Los cristianos conmemoran en Pascua la muerte y la resurrección de Jesucristo. Con la Pascua culmina el año litúrgico. La Pascua cristiana ofrece a los creyentes la posibilidad de renovarse espiritualmente. Pero la etnóloga Vera Frolcová, de la Academia de Ciencias Checa, recuerda que el rito pascual en las tierras checas, y en otros países europeos, conlleva más aspectos que el religioso.

"En la nación checa, la Pascua tiene un fuerte contenido amoroso. La costumbre de que los varones checos azoten a las chicas con varitas de sauce entrelazadas y adornadas es de hecho un diálogo amoroso sin palabras: con el azotamiento -ligero, por supuesto- el hombre confiesa su amor. La Pascua significa también la renovación del entorno natural porque se celebra en el período en el que la naturaleza despierta de la hibernación y cuando empieza un nuevo ciclo vegetativo".

La idea que une a la Pascua cristiana a la Pascua popular es el estrecho vínculo existente entre el principio y el fin, entre la muerte y la resurrección.

"La Pascua Florida es una fiesta íntima porque se dirige al mundo interno del hombre, ofreciéndole una gran posibilidad de renovarse espiritualmente y de participar en el misterio de la Resurrección. Es la fiesta en la que el hombre contemporáneo, rodeado del consumo y de la falta de fe, encuentra mucha sabiduría. Por ejemplo, la vieja experiencia de que la luz se conoce mediante la oscuridad, la alegría mediante la pena y que el sufrimiento a menudo augura un tiempo mejor".

 

A diferencia de la Navidad que tiene su precursor en los festejos del solsticio de invierno, la Pascua Florida no tiene raíces paganas. Sin embargo, la etnóloga Vera Frolcová advierte sobre un rico y amplio abanico de costumbres y tradiciones populares practicadas durante la Pascua que no tienen nada que ver con el cristianismo, pero que no le contradicen. "En este sentido se puede hablar de Pascua cristiana y Pascua popular", precisa Vera Frolcová.

"La Pascua se celebra a principios de la primavera cuando las labores agrícolas empiezan y cuando el ganado se saca a pastar después del invierno. Y el hombre siempre ha atribuido a ello un significado extraordinario, tratando de proteger su suelo y ganado con medios tanto prácticos como cultuales. Por ello la gente se regala en ese período retoños verdes, se azota con ellos o los lleva a bendecir a la iglesia. Por ello solía lavarse con el agua de manantiales antes de salir el sol o besar la tierra. Por ello se regalan huevos como símbolo de la fecundidad y se recorren las calles con carracas o matracas para desechar el mal".

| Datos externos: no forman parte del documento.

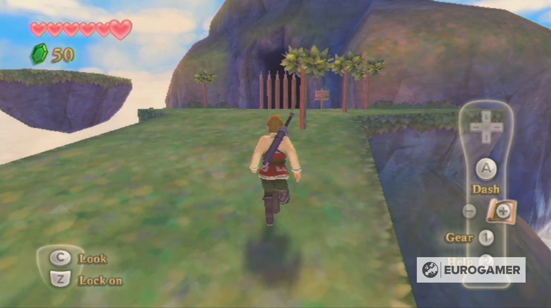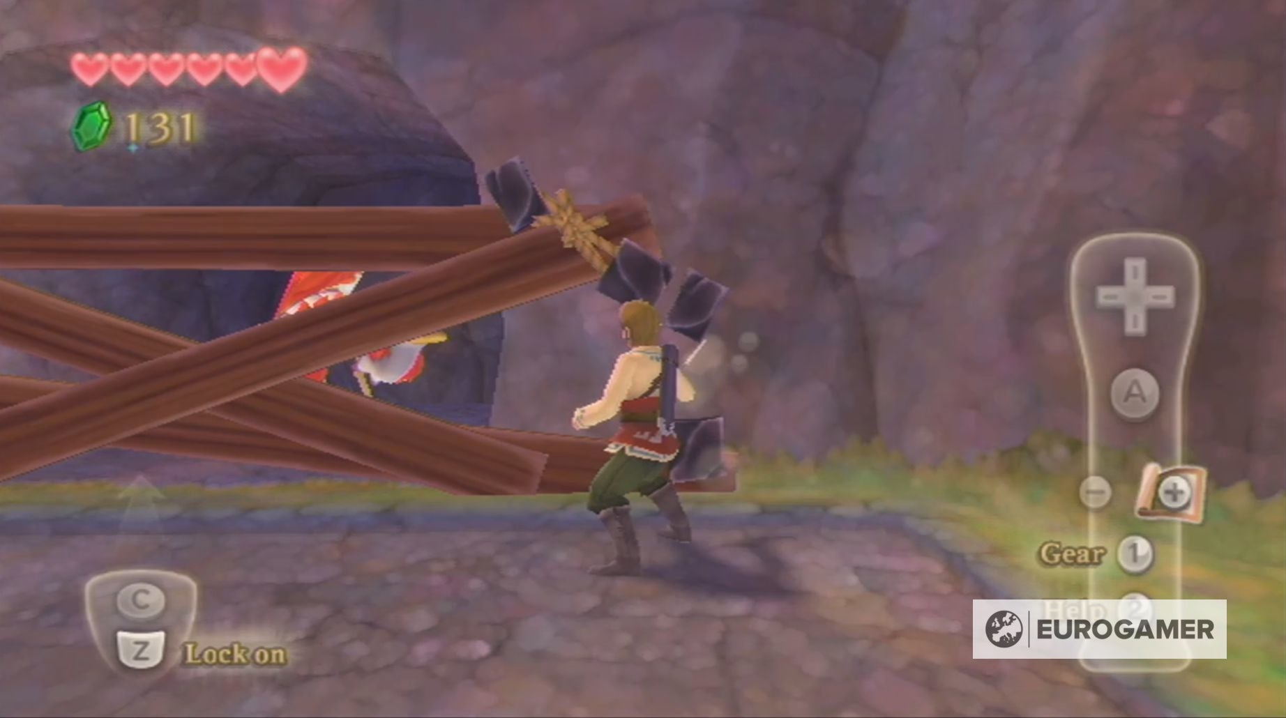 Na het verlaten van de grot ben je herenigd met Zelda die wat afgeleid lijkt. Samen met haar ga je verder en al gauw ontdek je de Rode Loftwing die opgesloten zit achter planken.

Aunque todas esas costumbres no se basan en el legado bíblico, le enriquecen. Son testimonio de una visión muy optimista de la vida de nuestros antepasados, de su profundamente arraigada fe en la continuidad de la vida, señala Vera Frolcová.

"El ejemplo más ilustre y típico de la simbiosis entre la Pascua cristiana y las tradiciones populares en el ambiente checo es la oración al pie del árbol que une en sí el sacrificio no cristiano a la Naturaleza y la oración que Jesucristo hizo el Jueves Santo en el Monte de los Olivos. Y el texto de la oración que los checos suelen pronunciar al pie del árbol es muy bonito: Agua limpia, estás corriendo de las heridas de Señor Nuestro, bañando las orillas y las piedras, baña también a mi alma pecadora".

 

Dado que no se conoce la fecha exacta de la Última cena de Jesucristo, el Concilio de Nikai en el año 325 después de Cristo estableció que la Pascua se conmemoraría siempre el primer domingo después del primer plenilunio primaveral. Es decir que celebramos la Pascua entre el 22 de marzo y el 25 de abril.

La etnóloga checa Vera Frolcová indica que para la Pascua Florida es típico un largo período de preparación vinculado con la abnegación y la penitencia, la Cuaresma, que empieza el Miércoles de Ceniza.

"Luego siguen seis domingos. El sexto se denomina el Domingo de Ramos y abre la puerta a la Semana Santa. Sus solemnidades empezaron a surgir en el siglo cuarto después de Cristo en relación con las primeras peregrinaciones a Jerusalén. El núcleo de la Semana Santa reside en tres días: el Jueves Santo que en checo se denomina el Jueves Verde, el Viernes Santo, en checo el Viernes Grande, y el Sábado Santo que los checos llaman el Sábado Blanco".

El Domingo de Ramos Jesucristo vino a Jerusalén, siendo saludado calurosamente por la muchedumbre, la misma que lo repudiaría el Viernes Santo.

"En las iglesias católicas checas se bendicen ese día amentos y retoños de cerezo. En Jueves Santo tuvo lugar según la Biblia la Última cena de Jesucristo con sus discípulos en la que Jesús estableció la eucaristía. Siguieron sus oraciones en el Jardín de Getsemany, su temor y su angustia, y, al final, la traición de Judas. El Viernes Santo es el día de la crucifixión y de la muerte del Señor. Y el Sábado Santo, los cristianos honran el Santo Sepulcro. Durante tres días no se celebran misas y no suenan las campanas, no tocan órganos, no se encienden velas ni se adornan los altares".

En vísperas del Domingo de Resurrección, tiene lugar la vigilia que en las tierras checas empieza con la bendición del fuego delante de la iglesia. Los creyentes encienden las velas y tan sólo con las velas encendidas entran en la iglesia no alumbrada. Vera Frolcová explica que es un momento que en la solemnidad pascual juego un papel simbólico y muy importante.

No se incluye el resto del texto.